Thursday, 15th April 2021, 10:00 – 10:50 (CET – Vienna) Co-sponsored by Norway, the Norwegian Association for Humane Drug Policies, Drug Policy Alliance, IDPC, NoBox Philippines, Release and StreetLaw PH The systematic policing and criminalisation of people involved in drug offences has had devastating impacts on the human rights of people in situations of vulnerability (especially for people who use drugs, subsistence farmers involved in illicit crop cultivation, women, young people, ethnic minorities, people facing economic hardship), health outcomes and prison overcrowding. These harms have been exacerbated in the midst of the COVID-19 pandemic, and as a result of the policies established to curb infection rates. This side event will highlight some of the most pressing harms associated with policing and criminalisation, and propose a number of options for criminal justice and drug policy reform grounded in social justice, racial justice and human rights.

Moderator: H.E. Ambassador Kjersti E. Andersen, Permanent Representative of Norway to the UN in Vienna

There has been a change in Norway from punitive measures to include PWUD and civil society in decision making. 2015 – drug reform became official policy in Norway.
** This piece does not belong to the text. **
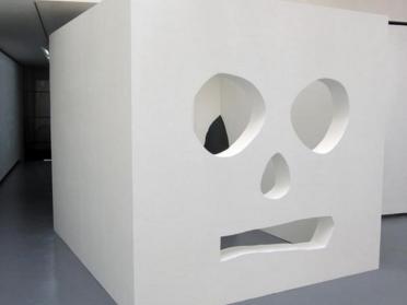 Sans titre est un cube en bois peint en blanc qui comporte quatre faces percées d’ouvertures géométriques laissant apparaître les traits d’un visage schématique. Sa couleur et l’expression qu’il dégage lui donnent un air spectral. La sculpture-visage est regardée par nous, mais elle regarde aussi l’espace d’exposition ou ses visiteurs en générant de nouveaux points de vue. Sans titre est un instrument-miroir qui nous renvoie notre propre image et à nos mécanismes d’interprétation, Mathieu Mercier exigeant du spectateur une lecture personnelle, voire introspective de l’œuvre. Ce cube blanc évoque aussi le white cube, aménagement blanc et neutre des lieux de monstration de l’art dans les années 1960.
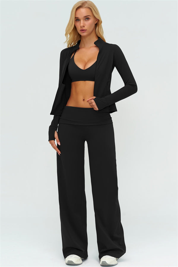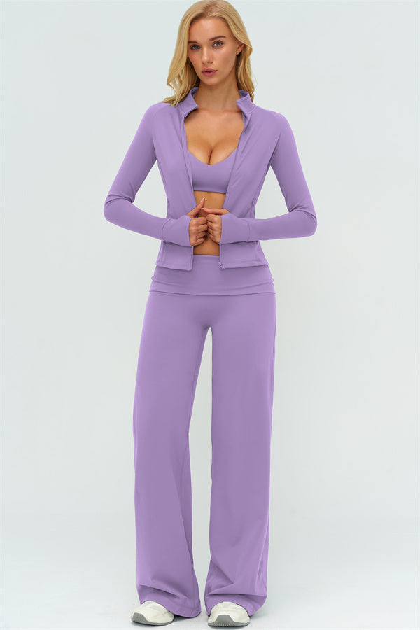 The Twirl Zip Jacket Sports Bra Straight Leg Pants 3-Piece Set

Committees starting point – punishment is the most severe response – criminalisation is only suitable if it reduces harm. No good evidence of criminalisation as a deterrent. Criminalisation has unintended and adverse effects. No evidence of decriminalisation increasing use of illicit drugs. Drug use better countered with health measures. This is the baseline of our drug policy and provides the backdrop to our seminar today.

Panellists:

  • Lee Edson P. Yarcia, NoBox Philippines

[Video] – Criminalisation and policing for PWUD – aspiration to recognise genuine reform. Drugs play a meaningful role in the lives of people in the Philippines. Drug use figures in everyday live – methamphetamine for workers to those working overnight of for long hours – feel warm. Marijuana plays same role of alcohol in some contexts. Dominant social legal order doesn’t recognise way of life. Drug conventions create prohibitive environment. Countries invested in medicalised approach to treat people causes problems. Extrajudicial killings occur in the Philippines. Blinds many states from the reality that abstinence pushes people away and leads to risky situations and blood-borne viruses (BBVs). Philippines jails 500% over congested. Rehab centres strip people of autonomy, take away rights. Medical prohibition – people continue to use drugs. Time to accept the fact that drugs play important roles in people’s lives. Enforcement models cause more harm than good. Wide range of services is needed. We work with partners. 87% of PWUD are non-problematic – focus should be on health. Decriminalize and take people out of jails. Drugs issues are a social phenomenon. Economic emancipation is needed. Full and productive employment is needed. Addressing poverty is needed. Decriminalised interventions. Compulsory detention centres have no place in drug policy framework, should be a priority of the government. Health is key, comprehensive health services for HIV prevention and acre needs. Access to sterile injecting equipment and essential health services is necessary. Fatal overdoses and BBVs – drug related deaths will occur. Genuine health approach based in harm reduction. Harm reduction dispels archaic belief that abstinence is the goal. Drugs play a meaningful role in people’s lives. Prohibitive environment exists. It’s time to decriminalise drug use. Humanity is key.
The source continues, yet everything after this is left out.